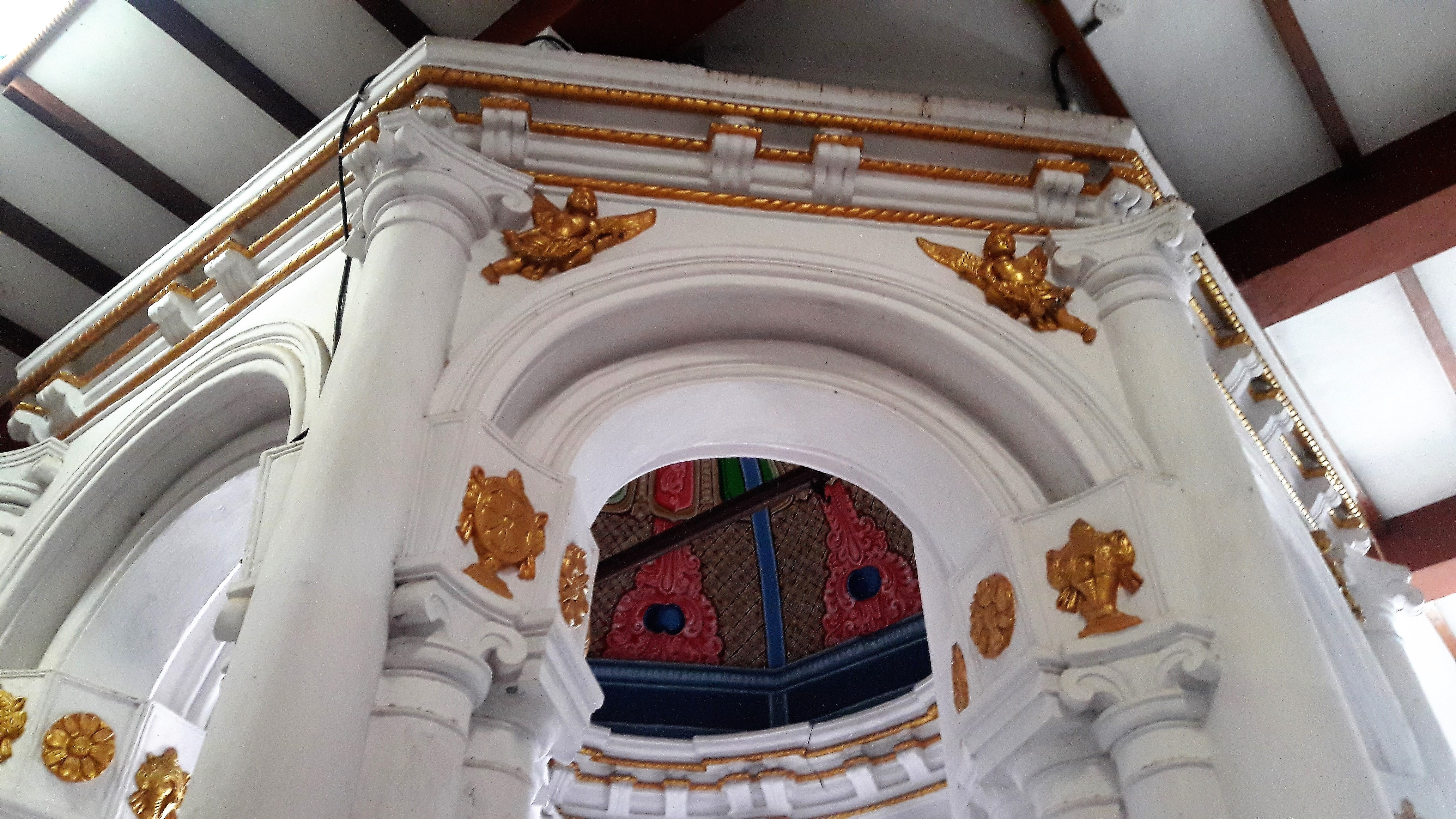 Varadaraja Perumal Temple, Pondicherry
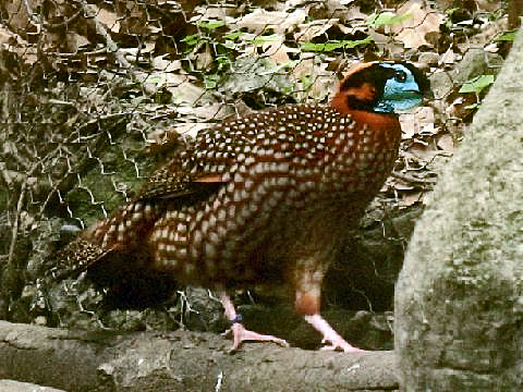 Temminck's Tragopan
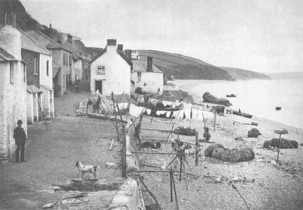 image of the now destroyed village of Hallsands, as it appeared in 1885.
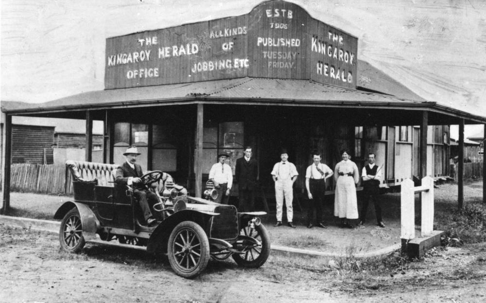 Offices of the Kingaroy Herald, established in 1906 Mr Archibald Blue, the Kingaroy Heralds' foundation manager is seated in his French Darracq automobile. Other staff standing from left: Charles Hill; T. Thaetcher; C. Galloway; B. Neale; Maggie Wittkop, later Mrs. W. H. Pointon and W. Lambert. (Description supplied with photograph.).

__What the exercise asks__. Drop the pictures and reproduce the rest of the data exactly.

__Written response__.
 Varadaraja Perumal Temple, Pondicherry
 Temminck's Tragopan
 image of the now destroyed village of Hallsands, as it appeared in 1885.
 Offices of the Kingaroy Herald, established in 1906 Mr Archibald Blue, the Kingaroy Heralds' foundation manager is seated in his French Darracq automobile. Other staff standing from left: Charles Hill; T. Thaetcher; C. Galloway; B. Neale; Maggie Wittkop, later Mrs. W. H. Pointon and W. Lambert. (Description supplied with photograph.).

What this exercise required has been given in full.